Segment Start: EXERCISE MATERIAL

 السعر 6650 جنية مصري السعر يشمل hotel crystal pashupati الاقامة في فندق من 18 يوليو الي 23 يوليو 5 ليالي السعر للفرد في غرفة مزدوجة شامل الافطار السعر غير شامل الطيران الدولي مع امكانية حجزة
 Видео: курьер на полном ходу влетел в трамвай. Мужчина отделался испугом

Segment End: EXERCISE MATERIAL
Segment Start: EXERCISE MATERIAL

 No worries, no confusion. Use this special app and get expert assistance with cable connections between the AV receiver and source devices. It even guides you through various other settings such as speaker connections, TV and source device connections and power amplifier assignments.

Segment End: EXERCISE MATERIAL

Above are some records; copy exactly the lines from the one with "السعر 6650 جنية" through the one with "Видео: курьер на", both included, and no others.

 السعر 6650 جنية مصري السعر يشمل hotel crystal pashupati الاقامة في فندق من 18 يوليو الي 23 يوليو 5 ليالي السعر للفرد في غرفة مزدوجة شامل الافطار السعر غير شامل الطيران الدولي مع امكانية حجزة
 Видео: курьер на полном ходу влетел в трамвай. Мужчина отделался испугом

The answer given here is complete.